コロナ禍に通販、外販、テイクアウトが人気に

公式通販サイト

 販売方法の多様化も進んでいる。特にコロナ禍は、帰省が抑制された時期に「資さんを食べたい」という声がSNSで多く見られたこともあり、一時休止状態になっていた通信販売の仕組みを再開。やや突貫工事で「資さんストア」の名で再オープンした。そして、それを知ったスーパーマーケットなどからの依頼を受け、駅や空港、スーパーマーケットでの外販も、2021年頃本格的に営業活動をスタート。以降好調に推移し、売上高は初年度から10倍以上に成長している。メニューは、肉ごぼう天うどん、モツ鍋、冷凍のぼた餅など人気どころだ。

 一方で、飲食店の深夜営業が規制された際には、テイクアウト販売を強化。コンビニしか食の選択肢がなくなっていた医療従事者やドライバーに歓迎された。そこからUber Eatsや出前館などの宅配サービスも広まり、一気に知名度が高まったという。同時に、テイクアウト用に新たな3段式容器を開発。出汁、具、麺をコンパクトに盛り付けることで、持ち運びがしやすく、店舗の味をそのままに家庭でも楽しめるようにした。

 さらにコロナ禍には、それ以前から試験的に運用していたものの、定着していなかったオーダータッチパネルの導入も加速。現在は新店とリニューアル店舗に順次導入しており、2/3以上の店舗に設置済みだ。「便利で使いやすい」付加価値につながっている。

 加えて、売上が落ち込んだことで社員に危機感が生まれ、コストコントロールや費用対効果、提供スピード、リピーターを獲得するための工夫など、経営に対する意識も高まった。「店舗、本部ともに真剣に考えられるようになり、より強靭な組織になった。コロナの功名だろう」(佐藤氏)

人気No.1の集合セットで顧客満足度をアップ

北九州市戸畑区で誕生した資さんうどん1号店

 顧客満足度を高める工夫もなされている。例えばメニュー。元々資さんうどんは、うどんだけでなく丼やおでんなど100種以上のメニューがある。あまりにいろいろなものが食べられるため、北九州の常連の間では、「うどんを食べに行こう」ではなく「資ろう」「資らん?」といった動詞があるくらいだという。きっかけは1976年の創業時。八幡製鉄所の近隣には飲食店が少なく、製鉄所で働く常連客のために多様なメニューを用意したことから始まった。

しあわせセット

 今人気なのは、うどんの人気1位メニューの「肉ごぼう天うどん」と、丼の1位である「カツとじ丼」、そして名物のぼた餅を、すべてハーフサイズにして組み合わせた「しあわせセット」だ。そこから派生して、麺と丼を数種類から選択できる「選べるしあわせセット」も誕生。ほかにも、季節限定のフェア商品を用意するなど、バラエティを増やし続けている。
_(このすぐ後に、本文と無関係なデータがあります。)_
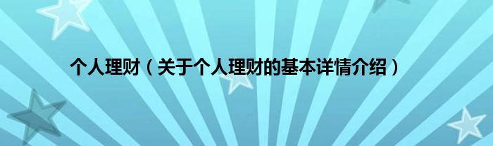 本文关于个人理财的基本详情介绍就讲解完毕,希望对大家有所帮助。

 これらはすべて客の声から生まれたもの。直接店舗に寄せられる声や、GoogleマップやSNSへの書き込みなどをつぶさに見ながら対応している。

「温かいサービスのある感じのいい店」を守る

佐藤崇史社長

 拡大を続けてきた資さんうどん。今後は、既存地域でそうであったように、関西、関東の地盤を固め、一店一店を「地域一番店」に育てていくことを重視している。あくまで目指すのは、経営理念「幸せを一杯に。」に基づき、一人ひとりの顧客満足を積み重ねることだ。そして「一人でも多くの方に資さんの味をお届けできるよう、伝統を守りながら進化を止めることはしない」と佐藤氏。
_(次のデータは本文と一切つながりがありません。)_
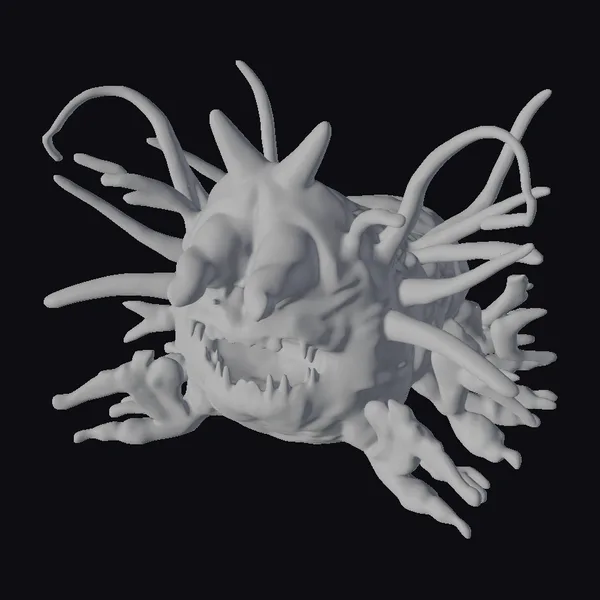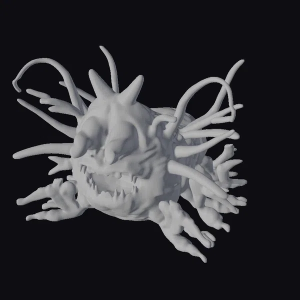 Perched menacingly, this alien sea creature’s grotesque visage commands attention with its bulging, orange-hued eyes and rows of razor-sharp teeth. The model’s surface is adorned with numerous, long, slender tentacle-like protrusions that add to its menacing appearance. The creature’s pale, almost translucent complexion seems to glow with an ethereal light, as if illuminated from within. Ideal for use in horror-themed games, animations, or 3D prints, this model is sure to send shivers down the spine. Its intricate details and textures make it perfect for close-up shots or dramatic scenes. Bring your darkest oceanic nightmares to life with this chilling creature.

 その最大の課題となるのは人。採用と教育だ。自動案内機の導入など省人化を進めながらも、資さんが選ばれる理由の1つ「温かいサービスのある感じのいい店」を試行錯誤しながら守りたい、と佐藤氏。そのためには、味とサービスのクオリティ維持、そしてクリーンネスや挨拶など、凡事徹底が不可欠だ。対策として、まずはエリア長、ブロック長、そして店長と、マネジメント人材の教育に注力している。

「世の中が大きく変化していくなかで、お客さまに認め続けていただく店を支えるのは人だ。飲食業界は人材育成産業。人が育っていく会社にならなければ生き残っていけない。中長期的な課題として取り組んでいきたい」と真摯に語った。